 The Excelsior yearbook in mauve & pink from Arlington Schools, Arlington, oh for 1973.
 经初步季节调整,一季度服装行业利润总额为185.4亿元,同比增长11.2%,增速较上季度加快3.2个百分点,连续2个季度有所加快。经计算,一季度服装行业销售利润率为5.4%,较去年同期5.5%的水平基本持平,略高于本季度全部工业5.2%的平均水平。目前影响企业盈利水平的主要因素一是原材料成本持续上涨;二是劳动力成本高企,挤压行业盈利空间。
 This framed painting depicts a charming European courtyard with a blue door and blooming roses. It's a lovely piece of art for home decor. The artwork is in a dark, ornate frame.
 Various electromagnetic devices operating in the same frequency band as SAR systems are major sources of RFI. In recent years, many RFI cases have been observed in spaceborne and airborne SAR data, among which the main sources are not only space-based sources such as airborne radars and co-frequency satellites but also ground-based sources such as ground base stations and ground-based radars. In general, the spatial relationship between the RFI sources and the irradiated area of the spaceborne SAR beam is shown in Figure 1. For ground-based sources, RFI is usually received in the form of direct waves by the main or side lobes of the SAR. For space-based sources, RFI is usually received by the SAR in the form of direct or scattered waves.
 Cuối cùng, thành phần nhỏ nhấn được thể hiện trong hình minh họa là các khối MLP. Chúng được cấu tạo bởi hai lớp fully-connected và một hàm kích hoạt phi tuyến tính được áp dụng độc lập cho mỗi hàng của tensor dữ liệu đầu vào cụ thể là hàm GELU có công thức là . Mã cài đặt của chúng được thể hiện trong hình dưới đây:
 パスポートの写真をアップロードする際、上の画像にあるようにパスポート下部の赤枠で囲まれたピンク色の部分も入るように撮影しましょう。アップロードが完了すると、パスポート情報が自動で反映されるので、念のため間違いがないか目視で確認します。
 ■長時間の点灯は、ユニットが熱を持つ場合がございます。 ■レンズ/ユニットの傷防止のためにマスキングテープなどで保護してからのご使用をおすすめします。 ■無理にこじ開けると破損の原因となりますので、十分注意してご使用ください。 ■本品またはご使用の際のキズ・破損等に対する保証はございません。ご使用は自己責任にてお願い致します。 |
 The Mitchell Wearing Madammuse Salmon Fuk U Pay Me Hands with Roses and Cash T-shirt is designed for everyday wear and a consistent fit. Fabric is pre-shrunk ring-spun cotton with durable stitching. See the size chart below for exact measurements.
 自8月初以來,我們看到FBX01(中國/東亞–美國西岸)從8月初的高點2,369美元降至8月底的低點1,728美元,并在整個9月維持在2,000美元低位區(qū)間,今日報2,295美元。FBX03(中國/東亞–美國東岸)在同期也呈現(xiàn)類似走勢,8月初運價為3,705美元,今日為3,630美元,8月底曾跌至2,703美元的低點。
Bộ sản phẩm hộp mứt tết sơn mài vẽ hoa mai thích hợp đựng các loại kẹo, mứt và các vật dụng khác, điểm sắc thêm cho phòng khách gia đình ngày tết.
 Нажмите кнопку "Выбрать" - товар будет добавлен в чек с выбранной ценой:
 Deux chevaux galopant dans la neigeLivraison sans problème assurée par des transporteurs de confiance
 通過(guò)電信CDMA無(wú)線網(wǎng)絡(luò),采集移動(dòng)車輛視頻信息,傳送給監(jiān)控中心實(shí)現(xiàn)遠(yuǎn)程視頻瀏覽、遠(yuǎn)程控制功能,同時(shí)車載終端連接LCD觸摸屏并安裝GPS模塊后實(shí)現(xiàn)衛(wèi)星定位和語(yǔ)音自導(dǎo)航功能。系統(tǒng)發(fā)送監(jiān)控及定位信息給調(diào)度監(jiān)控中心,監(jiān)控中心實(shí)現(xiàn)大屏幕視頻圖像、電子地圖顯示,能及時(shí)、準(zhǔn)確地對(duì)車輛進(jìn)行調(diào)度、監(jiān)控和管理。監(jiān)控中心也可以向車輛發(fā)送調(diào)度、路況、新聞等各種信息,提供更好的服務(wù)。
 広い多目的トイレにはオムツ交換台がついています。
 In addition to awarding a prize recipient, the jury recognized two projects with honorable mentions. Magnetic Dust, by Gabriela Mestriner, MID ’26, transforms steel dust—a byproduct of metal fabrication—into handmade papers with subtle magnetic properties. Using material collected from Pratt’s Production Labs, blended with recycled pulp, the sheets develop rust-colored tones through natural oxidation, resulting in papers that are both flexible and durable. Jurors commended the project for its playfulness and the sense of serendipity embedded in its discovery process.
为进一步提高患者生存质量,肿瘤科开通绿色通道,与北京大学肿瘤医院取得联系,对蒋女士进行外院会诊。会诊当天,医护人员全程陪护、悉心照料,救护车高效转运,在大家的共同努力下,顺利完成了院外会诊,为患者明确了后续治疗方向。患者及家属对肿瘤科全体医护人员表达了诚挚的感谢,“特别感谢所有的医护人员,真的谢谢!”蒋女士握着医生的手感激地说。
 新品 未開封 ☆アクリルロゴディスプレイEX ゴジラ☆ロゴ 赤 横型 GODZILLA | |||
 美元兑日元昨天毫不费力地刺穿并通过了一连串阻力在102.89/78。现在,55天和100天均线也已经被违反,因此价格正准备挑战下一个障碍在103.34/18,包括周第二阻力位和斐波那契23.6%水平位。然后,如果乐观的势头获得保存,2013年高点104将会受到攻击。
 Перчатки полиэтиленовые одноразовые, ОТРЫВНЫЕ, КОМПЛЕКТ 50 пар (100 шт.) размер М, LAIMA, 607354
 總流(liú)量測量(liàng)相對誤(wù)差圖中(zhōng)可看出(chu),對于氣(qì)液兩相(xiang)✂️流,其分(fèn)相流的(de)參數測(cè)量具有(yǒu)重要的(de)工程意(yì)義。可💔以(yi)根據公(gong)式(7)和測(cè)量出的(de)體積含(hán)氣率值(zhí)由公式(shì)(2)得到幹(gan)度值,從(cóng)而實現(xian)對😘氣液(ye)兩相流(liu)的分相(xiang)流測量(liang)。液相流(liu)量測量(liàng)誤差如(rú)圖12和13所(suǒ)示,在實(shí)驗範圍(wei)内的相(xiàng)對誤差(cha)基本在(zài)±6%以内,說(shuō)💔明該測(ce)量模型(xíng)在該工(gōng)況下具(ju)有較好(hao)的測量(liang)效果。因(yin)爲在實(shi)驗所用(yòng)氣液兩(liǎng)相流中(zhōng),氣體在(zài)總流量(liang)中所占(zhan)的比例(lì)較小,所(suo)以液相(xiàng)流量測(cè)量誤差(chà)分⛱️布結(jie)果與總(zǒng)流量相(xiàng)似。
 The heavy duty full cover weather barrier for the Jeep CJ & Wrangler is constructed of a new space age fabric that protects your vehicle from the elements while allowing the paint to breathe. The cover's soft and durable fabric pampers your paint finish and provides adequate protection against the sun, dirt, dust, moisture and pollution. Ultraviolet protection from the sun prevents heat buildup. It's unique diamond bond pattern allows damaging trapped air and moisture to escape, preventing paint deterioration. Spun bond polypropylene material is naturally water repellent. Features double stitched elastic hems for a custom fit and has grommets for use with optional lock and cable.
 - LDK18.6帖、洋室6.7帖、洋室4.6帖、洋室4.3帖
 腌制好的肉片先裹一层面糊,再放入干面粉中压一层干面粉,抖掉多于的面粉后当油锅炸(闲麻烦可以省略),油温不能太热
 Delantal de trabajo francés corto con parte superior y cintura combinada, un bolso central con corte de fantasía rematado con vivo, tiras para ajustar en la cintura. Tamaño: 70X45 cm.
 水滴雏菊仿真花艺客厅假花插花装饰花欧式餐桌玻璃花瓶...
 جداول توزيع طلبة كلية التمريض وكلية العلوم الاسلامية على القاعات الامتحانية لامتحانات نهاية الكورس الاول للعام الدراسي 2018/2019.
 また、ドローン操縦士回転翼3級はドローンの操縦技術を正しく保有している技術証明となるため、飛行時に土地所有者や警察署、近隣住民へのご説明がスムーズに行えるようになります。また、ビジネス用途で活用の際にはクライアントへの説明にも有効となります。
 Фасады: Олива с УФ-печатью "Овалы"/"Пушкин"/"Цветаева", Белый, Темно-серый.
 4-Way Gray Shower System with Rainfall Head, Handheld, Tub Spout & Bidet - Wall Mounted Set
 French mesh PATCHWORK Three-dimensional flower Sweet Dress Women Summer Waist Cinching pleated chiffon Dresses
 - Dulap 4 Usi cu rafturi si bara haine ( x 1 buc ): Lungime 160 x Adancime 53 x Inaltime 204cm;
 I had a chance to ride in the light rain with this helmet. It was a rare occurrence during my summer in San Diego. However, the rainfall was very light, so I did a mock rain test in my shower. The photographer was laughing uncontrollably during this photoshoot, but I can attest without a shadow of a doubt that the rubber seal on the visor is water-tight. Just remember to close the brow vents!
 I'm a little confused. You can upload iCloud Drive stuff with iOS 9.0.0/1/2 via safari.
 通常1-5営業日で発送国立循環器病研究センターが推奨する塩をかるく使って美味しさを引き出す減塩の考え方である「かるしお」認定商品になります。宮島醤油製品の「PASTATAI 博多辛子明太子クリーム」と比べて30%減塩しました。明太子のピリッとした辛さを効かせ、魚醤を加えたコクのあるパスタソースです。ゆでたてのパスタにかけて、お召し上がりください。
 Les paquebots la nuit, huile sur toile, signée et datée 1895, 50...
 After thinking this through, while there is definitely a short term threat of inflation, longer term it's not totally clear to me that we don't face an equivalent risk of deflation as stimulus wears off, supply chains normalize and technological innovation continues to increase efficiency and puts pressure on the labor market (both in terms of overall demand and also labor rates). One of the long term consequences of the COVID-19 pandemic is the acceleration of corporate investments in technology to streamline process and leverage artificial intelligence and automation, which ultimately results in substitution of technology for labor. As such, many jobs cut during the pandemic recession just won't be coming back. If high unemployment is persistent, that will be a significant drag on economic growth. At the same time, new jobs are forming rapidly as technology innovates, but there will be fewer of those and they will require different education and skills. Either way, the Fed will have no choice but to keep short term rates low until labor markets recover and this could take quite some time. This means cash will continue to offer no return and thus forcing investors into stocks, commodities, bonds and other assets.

What is needed: The lines above that include "dụng" should each be listed.

Answer to this problem:
 Cuối cùng, thành phần nhỏ nhấn được thể hiện trong hình minh họa là các khối MLP. Chúng được cấu tạo bởi hai lớp fully-connected và một hàm kích hoạt phi tuyến tính được áp dụng độc lập cho mỗi hàng của tensor dữ liệu đầu vào cụ thể là hàm GELU có công thức là . Mã cài đặt của chúng được thể hiện trong hình dưới đây:
Bộ sản phẩm hộp mứt tết sơn mài vẽ hoa mai thích hợp đựng các loại kẹo, mứt và các vật dụng khác, điểm sắc thêm cho phòng khách gia đình ngày tết.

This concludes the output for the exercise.